Maja Weisser rapporte : « Heureusement, les médicaments ont toujours été disponibles. Nous n’avons plus distribué pour 6 mois d’affilée, mais seulement pour 3 mois, afin d’éviter les pénuries. Les tests de charge virale ont été suspendus pendant six semaines. Maintenant, nous avons reçu une plus grande quantité de tests de charge virale et nous sommes en train de traiter les échantillons congelés. Un problème ne se manifeste cependant qu’avec retard : nous n’avons plus de tests de dépistage du VIH. Nous essayons de nous organiser avec d’autres centres, mais nous n’avons pas de solution pour le moment. De même, les tests de détermination CD4 nous manquent. Nous priorisons le traitement des patients nouvellement diagnostiqués et hospitalisés. Grâce aux dons privés de Suisse, nous pouvons maintenir en grande partie les salaires de nos employés jusqu’en juillet. À partir de juillet, nous nous attendons à ce que les nouveaux contrats entrent en vigueur et que nos collaborateurs puissent continuer à travailler. Les mesures du gouvernement américain ont créé une grande incertitude. S’y sont ajoutées les angoisses existentielles des patients et des employés. Ministère Tanzanien de la Santé n’a jusqu’à présent guère contribué financièrement. Celui-ci assume maintenant plus de responsabilités. Ainsi, nous sommes mieux soutenus sur le plan du contenu et aussi financièrement. Cela doit certainement encore plus se produire à l’avenir, pour réduire de telles dépendances. »

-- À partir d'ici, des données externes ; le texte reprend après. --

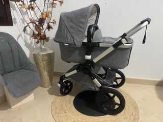 Carrito de bebé Bugaboo Fox en color gris, con un diseño moderno y funcional. Buen estado. Se nota actualmenteel desgaste en la piel del manillar (se puede cambiar). - Chasis ligero y resistente. - Manillar extensible. - facilísimo de manajear en todo tipo de terrenos. Ruedas todoterreno. - Incluye CAPAZO del mismo color, con su colchoneta y funda de la misma. - Incluye capota extensible VENTILADA gris (se vende aparte normalmente). - Incluye capota extensible beige. - Cesta de compras espaciosa, con bolsillo interior (aguanta 10kg). - Incluye Funda con 2 caras: invierno y verano (se vende aparte normalmente). - burbuja de lluvia

International Epidemiology Databases to Evaluate AIDS IeDEA
IeDEA est un consortium international d’études de cohortes sur le VIH. Le consortium a été fondé en 2006 par des chercheurs européens et les National Institutes of Health américains NIH. IeDEA surveille les données de plus de 2,3 millions de personnes vivantes avec le VIH. 1,8 million vivent en Afrique australe – en Afrique du Sud, au Lesotho, au Malawi, au Mozambique, en Zambie et au Zimbabwe. Le projet est dirigé par la Dre Eliane Rohner et le professeur Gilles Wandeler de l’Institut de médecine sociale et préventive de l’Université de Berne.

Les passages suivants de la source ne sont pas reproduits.